Designing multimodal interfaces: Voice + Screen
Voice assistants are changing the way we interact with technology. However, if the experience is not seamless enough, users will be reluctant to use it. Many teams opt for creating interfaces where voice and visual features enhance and complement each other. This article shows an overview of the process of designing the best experience when voice and interface work together.
Analysis
Voice experiences have unique limitations and characteristics and that means that should be crafted and refined in a different way.
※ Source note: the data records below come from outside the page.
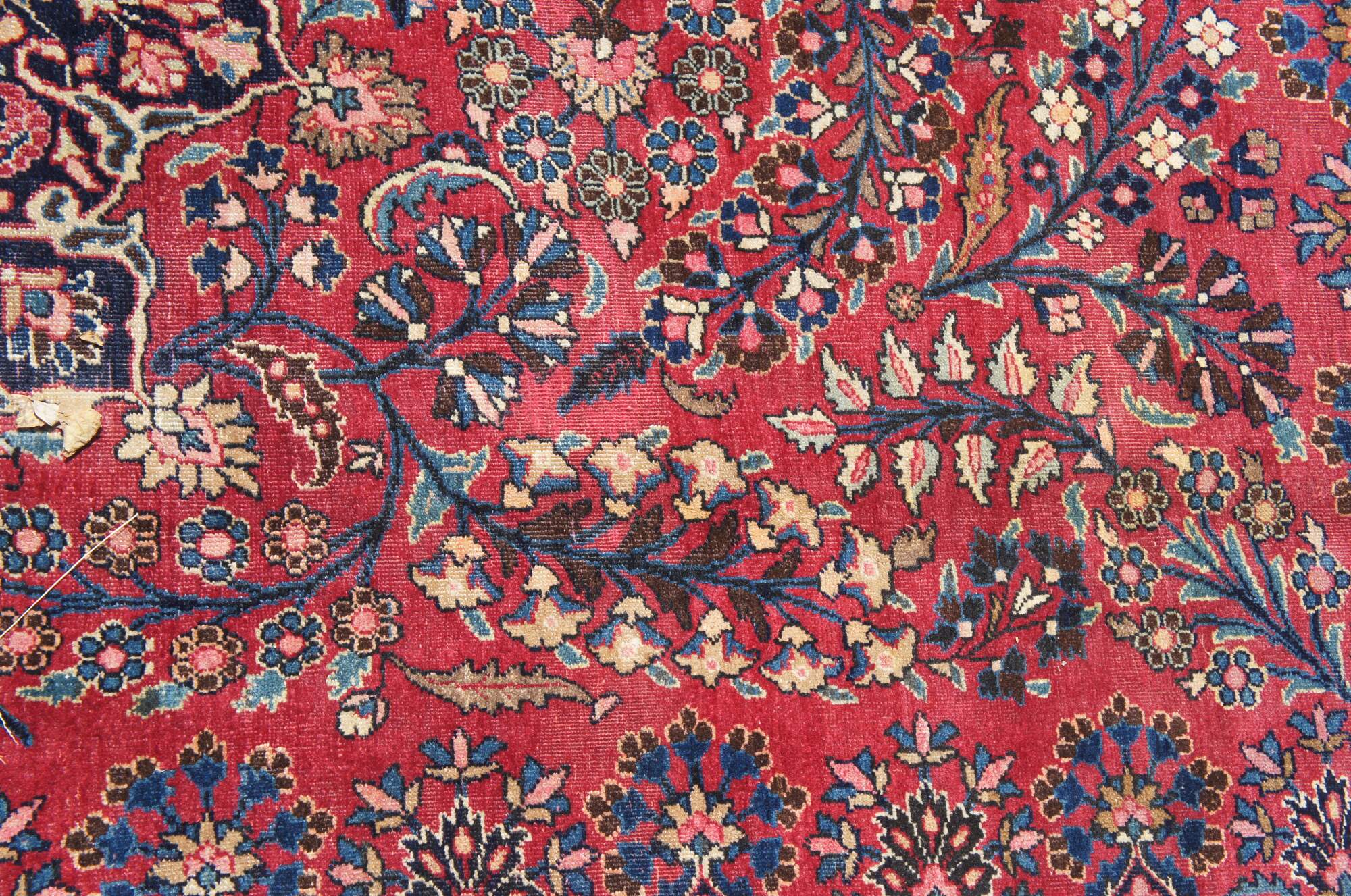 A classic old oriental rug. Features a tight weave in fine soft wool with deep red and dark blue colors. The carpet has a brilliant central medallion and is accented my meticulous floral sprays and a layered border with grape vine motif. 144kpsi (knots per square inch)
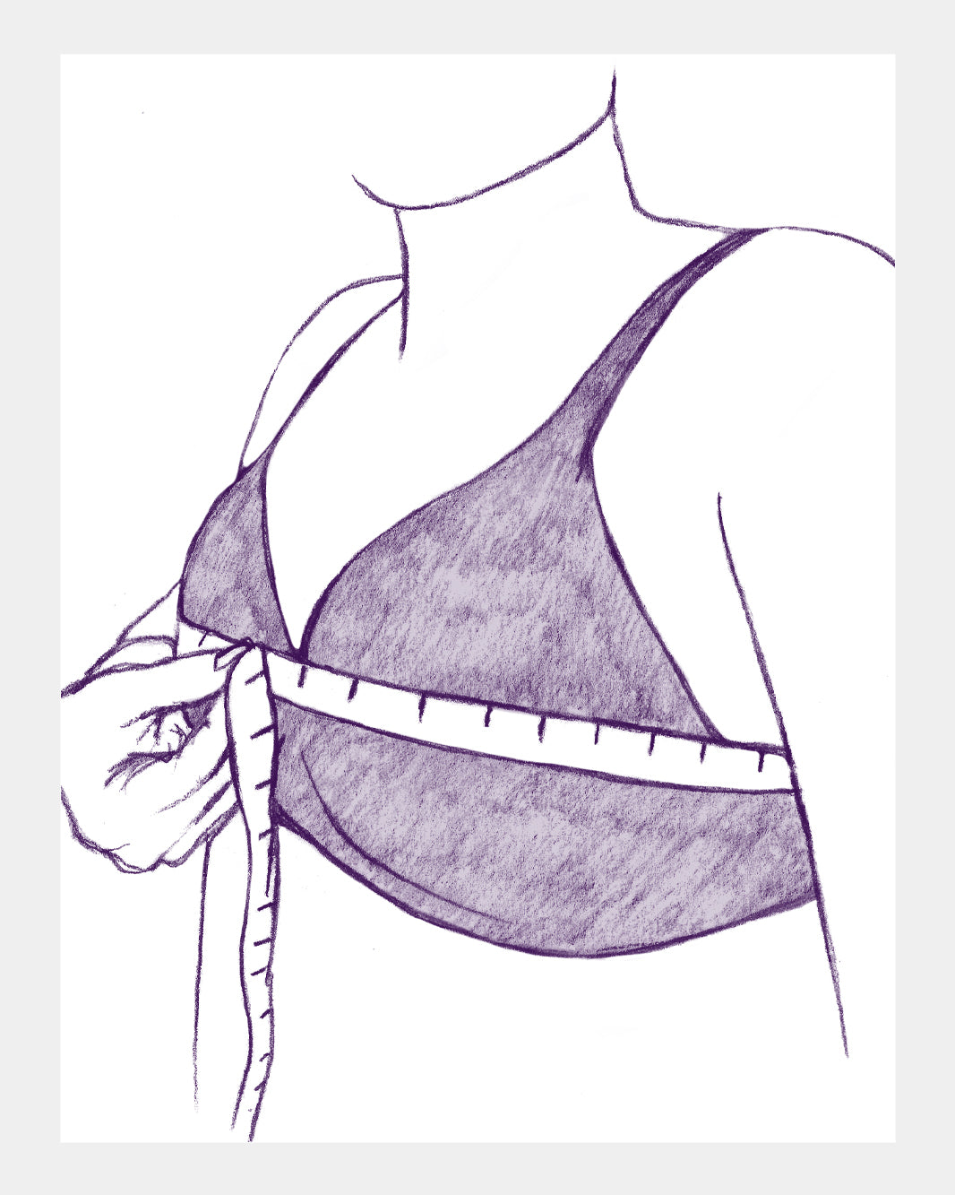 Put on your best fitting, non-padded bra. Look into the mirror and acknowledge that you look and feel GOOD. Get out your measuring tape - if you don’t have one, any kind of string and a ruler will also work.
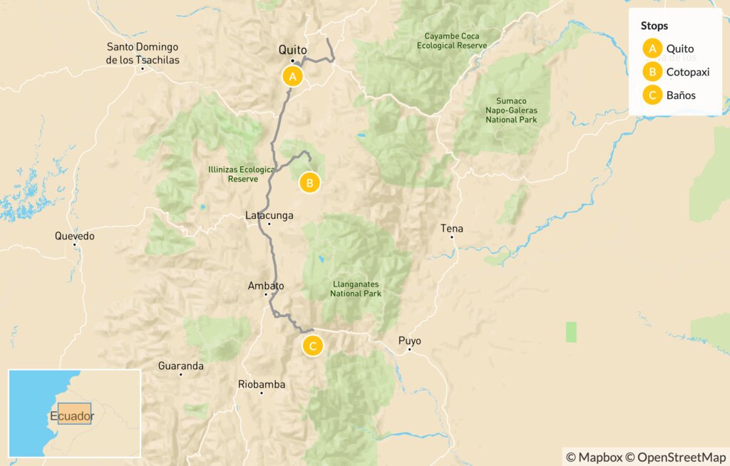 Map of Outdoor Adventures & Luxury in Ecuador’s Highlands: Quito, Cotopaxi & Baños – 7 Days
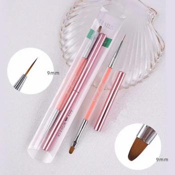 • Double Head Acrylic Resin Nail Art Brush Set Can Be Customised Logo Gel Oval Ombre Liner Angled Fan Nail Brush Wholesale
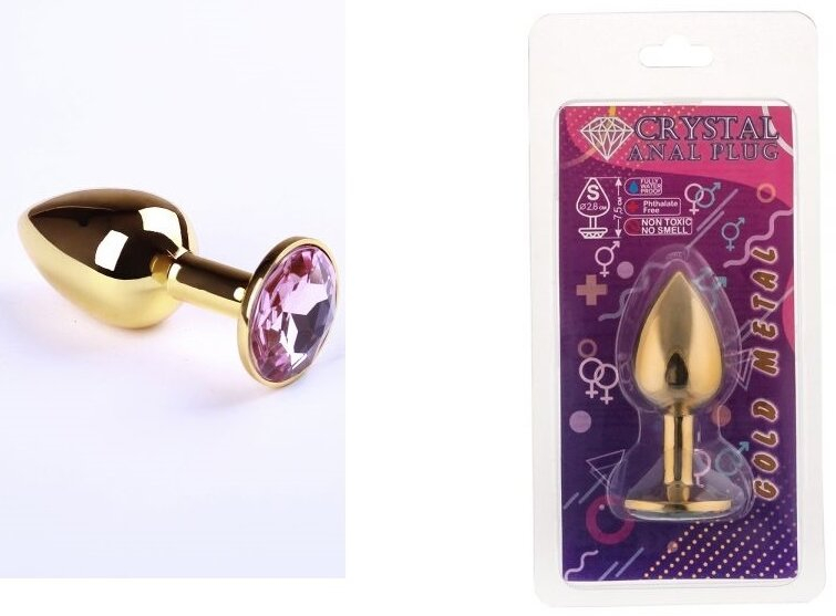 Металлическая анальная пробка для начинающих с кристаллом "Розовый топаз".
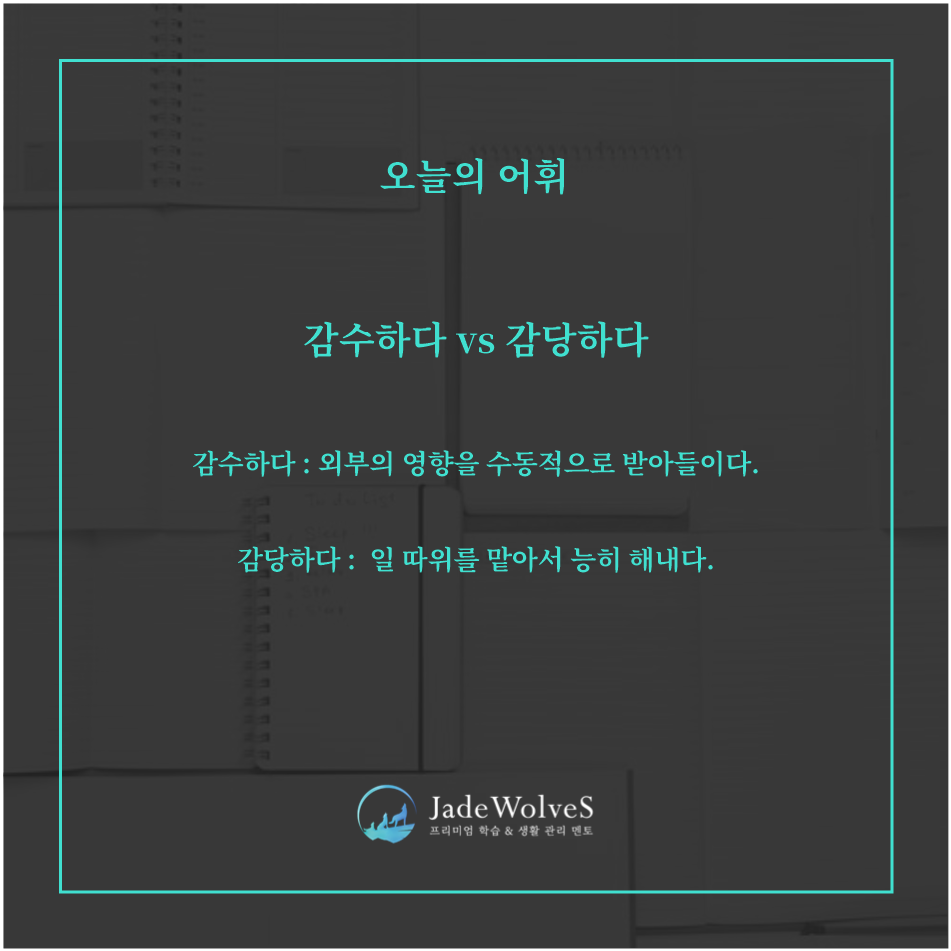 청랑의 어휘력 높이기 : 오늘은 '감수하다'와 '감당하다'의 차이점에 대해 알아보겠습니다.

The most important aspect is to understand how the voice and screen will coexist.
- Is voice essential?
- Is it only supportive?
- Is it an alternative?
It is important to refine each element but also to analyze how everything is connected in the overall user experience, ensuring that voice functions do not spoil screen functions, and vice versa.
An excellent example of this is the ChatGPT-4 voice interface, which enhances the voice experience with a well-crafted visual design where animations play a crucial role. These animations not only make the assistant more human and the assistant’s states more comprehensible but also loading times feel shorter and the experience is more fluid.
Prototyping
Here are some tools that will help you refine the experience fast from design to code without implementing the overall functionality. Before choosing a type of prototype, validate the time, effort, and outcome that each could provide.
You can start creating flows, iterating ideas or defining states using a design Software like Sketch or Figma. Then, move on to a more realistic scenario with no-code prototypes or maybe programme a simplified interface.
For example, Protopie is a no-code prototyping software that offers a variety of specific audio and voice functions such as:
- Commands detection
- Text to speech
- Speech to text
- Sounds player
- API connect (For paid plans)
There are hundreds of APIs available to enhance voice interactions, test ideas and create fast prototypes to determine what works best. Some examples are:
- Whisper that enables advanced speech recognition
- Eleven Labs for voice cloning
- Large language models like ChatGPT facilitate natural conversations.
Variables
As you go deeper into the analysis of the product that is going to be created you will discover constraints and limitations that are not typical. Here are some of them:
Listening: Commands are words or sentences that trigger actions instantly or after finishing speaking. Does the assistant listen automatically? Does the user need to tap on a microphone button manually? Or perhaps a long press is required? There are infinite ways to design the listen trigger behaviour. It’s important to provide the users with instructions about how to interact if it is not intuitive enough.
Feedback: Users need to know if they have been understood through live transcription, sounds, states or error messages. For example, background noise or long sentences can be challenging for an accurate proccessing. It is really important to take into account software limitations. Think about using the screen as a support with visual indicators, or sounds, as the user might be listening the voice response without looking at the screen. Moreover, information, sounds and responses are not instant. Communicate to the user what is happening by defining different states of elements.
Response: Is the answer going to be displayed or only played? What happens if it is too long? Does it have limitations? Test your prototype to support all formats by adding different examples and consider software limitations. A huge range of audio variables can be controlled. Evaluate if the user will need to adjust audio volume or pause and resume it by thinking about accesibility and user needs.
Consider the entire experience: For example, if you are loading information, maybe some actions such as sending or recording another message need to be blocked. Don’t isolate functions if they are working together and try to prototype the visual and voice functions together as soon as possible.
Recommended
- Voice and LLMs: ChatGPT voice interface, AI Pin, Gemini, Siri
- Protopie example using Chat GPT4 and Eleven Labs to clone a voice
- Protopie course: Protopie Masterclass in advanced voice prototyping
- Conference: Looking beyond screens and The secret sauce of conversational AI
- Book: The best Interface is no Interface
Conclusion
Voice and visual functions can enhance user experience if they are well refined. It is not only about working on each function, it is also about integrating them correctly in the overall experience. A good approach is to start prototyping in near-real scenarios as soon as possible.